Invertebrates express regulatory receptors, transporters, and channels responsive to established drugs of abuse, many of which mediate their effects through catecholamine pathways. We hypothesized that invertebrate neural systems may serve as models by which to evaluate the interactive pharmacological effects of these agents.


Ex vivo pharmacological trials determined the effects of saturating levels of ethanol on morphine levels in pooled Mytilus edulis ganglia via HPLC coupled to electrochemical detection and/or HPLC/RIA analyses. Additional trials evaluated the ability of ethanol, nicotine, and cocaine, to promote evoked release of 125I-labeled morphine from neural tissues, because intrinsically low levels of morphine did not allow direct quantification of its release.

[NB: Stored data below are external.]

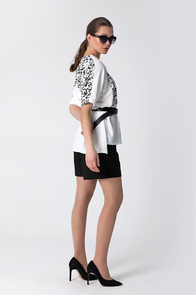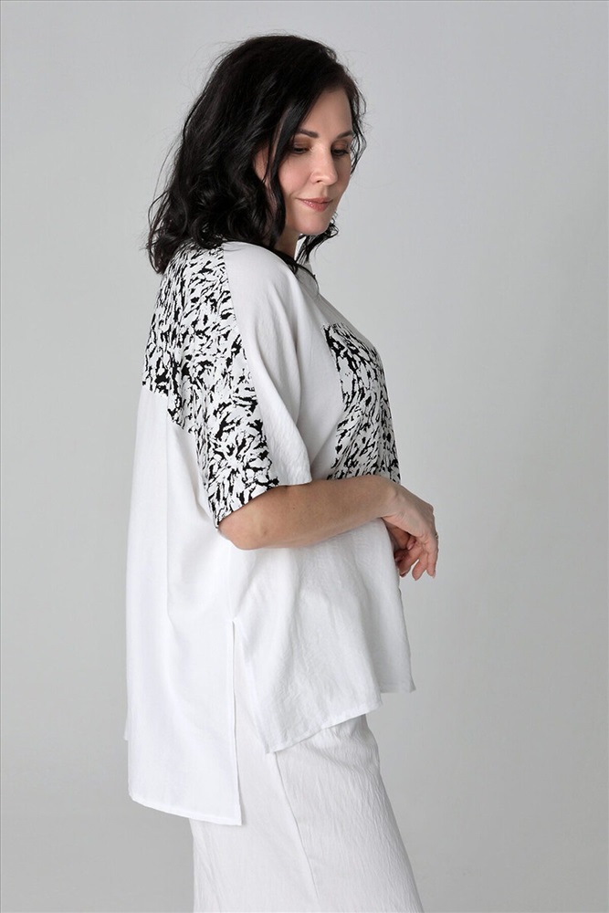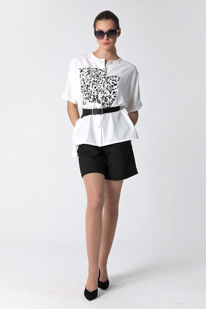 ID товара: 1105789 Состав: 100% Полиэстер Сезон: Весна/Лето Длина: Средняя Фасон: Свободный Рукав: короткие Вид застежки: Пуговицы Вырез горловины: Округлый Рисунок: цветочный Декоративные элементы: Принт Основная ткань: Полиэстер Стиль: повседневный Уход: бережная стирка при 30 градусах Страна бренда: Россия Страна производства: Россия Блузка с короткими рукавами. Комментарии к товару
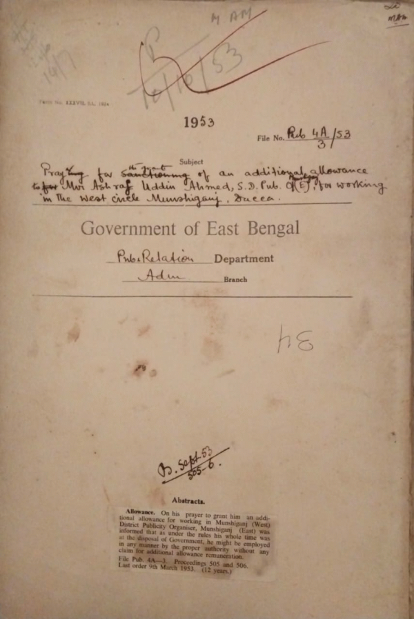 Pray for the grant of an additional allowance to Mir Ashraf Uddin Ahmed, S.D.P. West circle Munshiganj , Dacca.
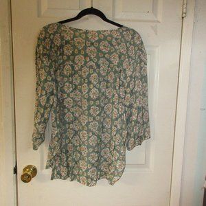 LC Lauren Conrad Green Floral Print Blouse Top 3/4 Sleeve Scoop Neck size XXL
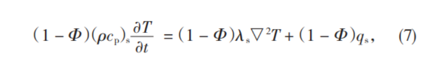 兩種能量增加帶來的溫升是基于多孔介質(zhì)材料內(nèi)的固體部分。假設(shè)固體部分的密度表示為ρs,其比熱容表示為cs。假定研究對象熱物性參數(shù),如比熱容、導(dǎo)熱系數(shù)等,不受到時(shí)間和空間改變帶來的影響,多孔介質(zhì)本身始終為各項(xiàng)同性的,并且多孔介質(zhì)材料內(nèi)部細(xì)小孔隙的容積均被流體填充,則有:

Incubation of pooled M. edulis pedal ganglia with 200 mM ethanol (approximately 1% ethanol v/v) resulted in a two-fold increase in morphine concentration at 15 min, return to baseline at 30 min, and a 50% decrease in morphine concentration at 60 min. Separate incubations of pooled M. edulis pedal ganglia and H. americanus nerve cord with ethanol, cocaine, and nicotine resulted in a statistically significant enhancement of 125I-trace labeled morphine release.


The stimulatory effects of ethanol, nicotine, and cocaine on cellular expression and release of endogenous morphine suggest convergent mechanisms underlying the reinforcing and addictive properties for a variety of drugs of abuse. The evolutionary conservation of L-tyrosine as a common precursor to catecholamine and opiate/opioid signaling systems may define a functional triad involving endogenous morphine, dopamine, and other classes of addictive drugs.